2024 ASEE Annual Conference & Exposition

This research paper explores how common curricular design patterns can be extracted from plan of study data in a systematic fashion. Analyzing curricula has become more and more data-driven, as is exemplified by the adoption of Curricular Analytics – a method of quantitatively determining the “complexity” of a plan of study (PoS). The technique represents the pre- and corequisite relationships in a curriculum as a network, which not only allows for degree requirements to be visualized but also analyzed using network analysis techniques. One of the additional advantages of representing curricula as networks is the ability to decompose them into smaller subnetworks representing curricular design patterns, such as the Calculus sequence and the core Mechanics sequence (i.e., Statics, Dynamics, and Strength of Materials).

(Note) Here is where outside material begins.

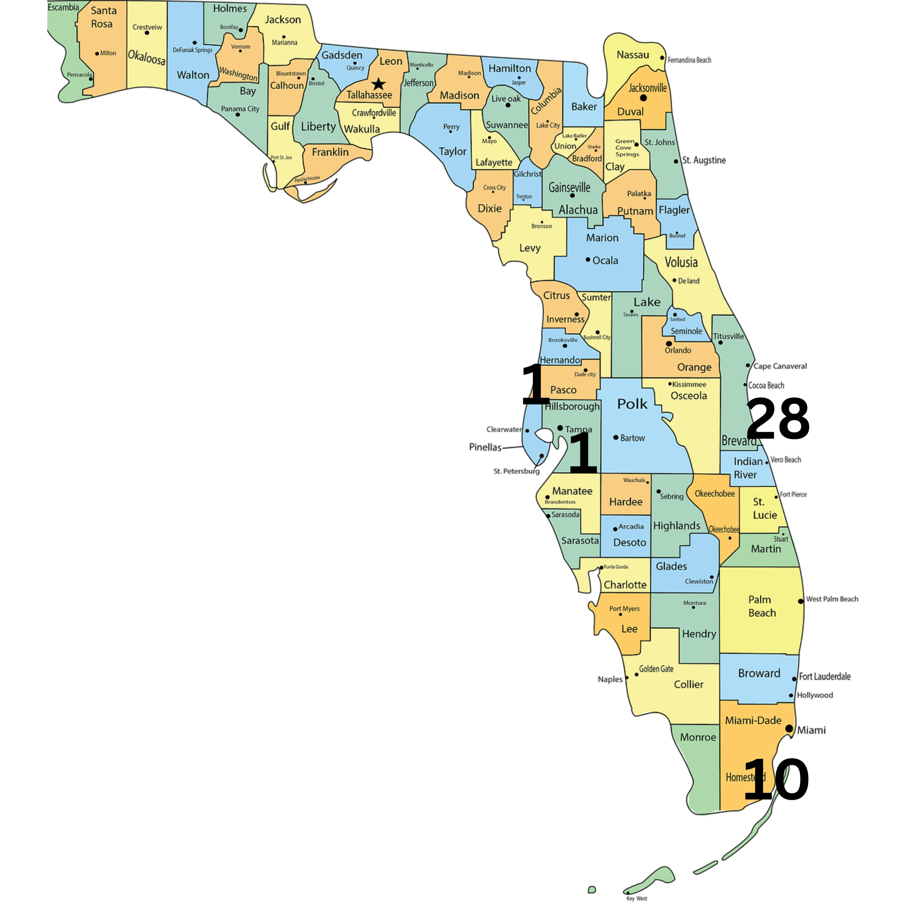 Counties reporting cases were: Broward (4), Collier, Hillsborough, Lake, Miami-Dade (3), Palm Beach, and Seminole (2). Countries of origin were: Bangladesh, Bolivia, Brazil (2), Cuba (4), India (2), Indonesia, and Sri Lanka (2).

However, considering the steep data requirements and standardization across course names, there is little work exploring how these curricular design patterns manifest in engineering program across the United States.

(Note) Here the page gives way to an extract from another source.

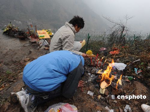 几位北川中学的幸存学生2009年即将毕业,他们在新年节假日来到北川县城废墟外的望乡台,遥祭被四川大地震摧毁的北川中学上千名遇难师生和亲人们。中新社发 贾国荣 摄
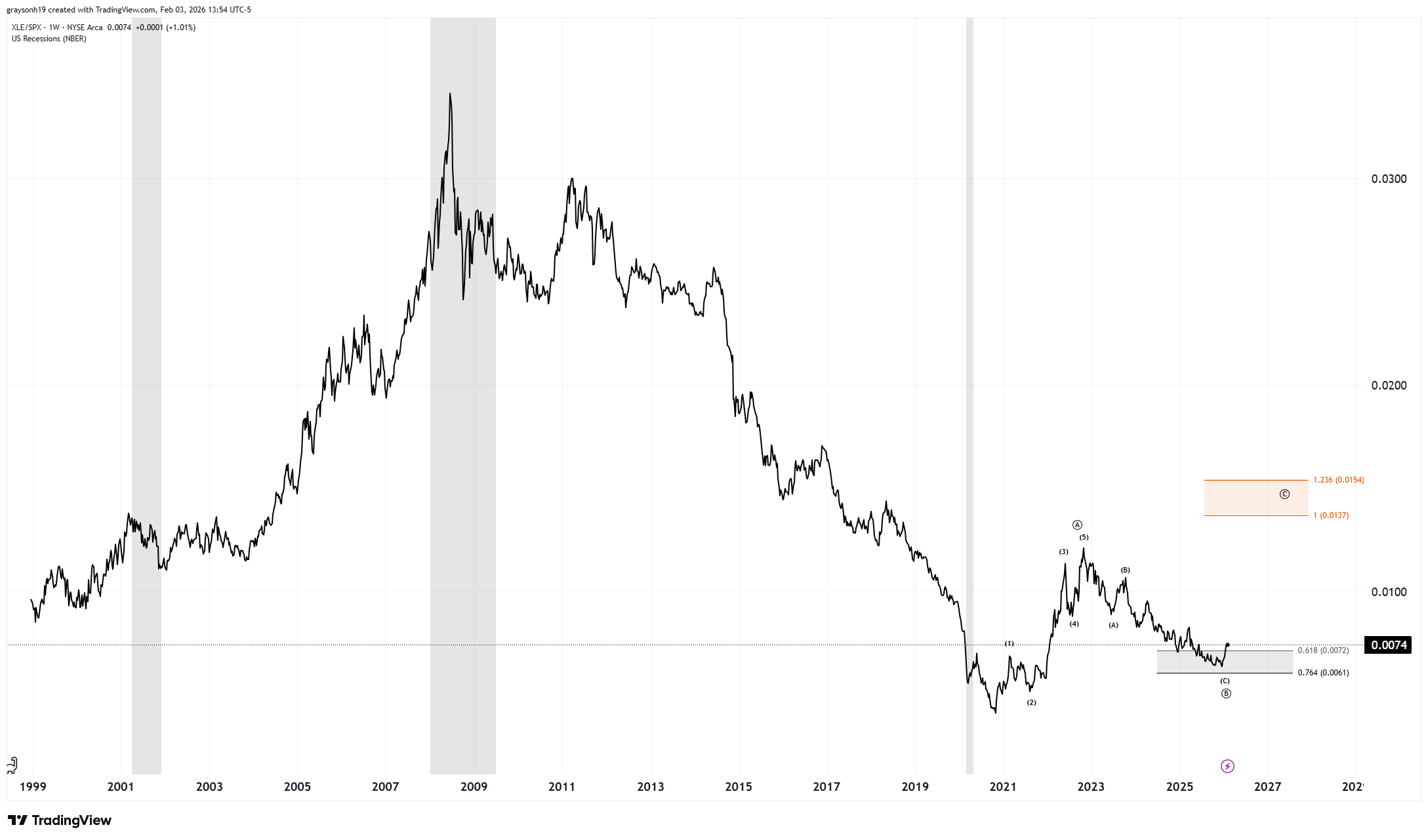 Obviously, owning the top stocks has been the best strategy for the last decade. Overall, energy relative to the S&P500 (XLE/SPX) has been a terrible investment strategy since 2008, as seen below. Energy is an underloved asset and may be poised to go higher. Comparison charts aren’t the most trustworthy for technical analysis since they aren’t traded directly, but they can indicate relative sentiment and overbought/oversold conditions. From a technical perspective, though, we have seen an impulsive 5-wave from the 2021 low and an abc correction into the standard support region. The first target for a move up would be into the orange box, completing a C wave.

We posed the following research question: “What are common curricular design patterns in programs across the United States for mechanical, electrical, civil, industrial, and chemical engineering?” We leveraged existing data collected as part of an ongoing project connected to the Multiple Institution Database for Engineering Longitudinal Development (MIDFIELD), a data sharing agreement between 21 US institutions. Unlike previous efforts with Curricular Analytics, these data spans 13 universities across 5 disciplines and for the past 10 years – comprising 494 PoS networks, one of the largest and most diverse samples to date.

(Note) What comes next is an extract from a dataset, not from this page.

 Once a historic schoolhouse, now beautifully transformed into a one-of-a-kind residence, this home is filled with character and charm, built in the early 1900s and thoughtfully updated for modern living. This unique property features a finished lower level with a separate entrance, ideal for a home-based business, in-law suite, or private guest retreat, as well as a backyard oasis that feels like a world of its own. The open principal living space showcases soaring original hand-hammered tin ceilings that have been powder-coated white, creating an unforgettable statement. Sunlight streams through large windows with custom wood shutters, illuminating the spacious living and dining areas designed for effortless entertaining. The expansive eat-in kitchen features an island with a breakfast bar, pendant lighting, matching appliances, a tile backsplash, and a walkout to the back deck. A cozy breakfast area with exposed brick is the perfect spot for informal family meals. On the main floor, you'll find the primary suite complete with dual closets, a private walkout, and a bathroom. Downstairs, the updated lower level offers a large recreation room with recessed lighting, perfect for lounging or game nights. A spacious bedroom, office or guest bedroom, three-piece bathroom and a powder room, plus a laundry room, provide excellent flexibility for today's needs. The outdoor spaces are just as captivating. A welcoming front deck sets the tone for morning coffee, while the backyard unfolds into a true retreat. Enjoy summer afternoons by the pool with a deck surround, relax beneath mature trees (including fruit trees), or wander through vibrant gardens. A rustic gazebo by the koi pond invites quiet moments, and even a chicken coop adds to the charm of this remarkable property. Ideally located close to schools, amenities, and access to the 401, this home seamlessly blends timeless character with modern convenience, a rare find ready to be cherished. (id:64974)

We performed data mining using Python, facilitated by established APIs and libraries such as NetworkX and pandas. Network analysis, employing the NetworkX library, allowed us to create dependency graphs for courses and identify recurring patterns. However, due to the dataset’s vast scope, courses exhibited a multitude of names that varied across institutions and years. Thus, we categorized course chains based on subject matter and common sets of courses. Manual generalization across a large dataset was infeasible, so we turned to OpenAI’s large language model (LLM) API, focusing on the GPT-4 model. We used the API to categorize classes based on their subject matter – manually verified to offset issues with hallucinations.
From mining the data, we were able to obtain results in the form of common chains with the counts and instances where they appear in networks across the POS dataset. There were 12 types of course sequences with counts higher than 50 across plans of study. These sequences provide the basis for exploring common curricular design patterns (e.g., Calculus, Mechanics) and were observed across multiple subjects like Mathematics, Physics and General Engineering.

There are multiple avenues to explore in the future using the PoS dataset. For example, the common sequences themselves have applications in curriculum planning. But the scope of the study can be changed to analyze changes in course sequencing over the years for a particular discipline, or across an institution. We will provide examples of these different design patterns in the paper.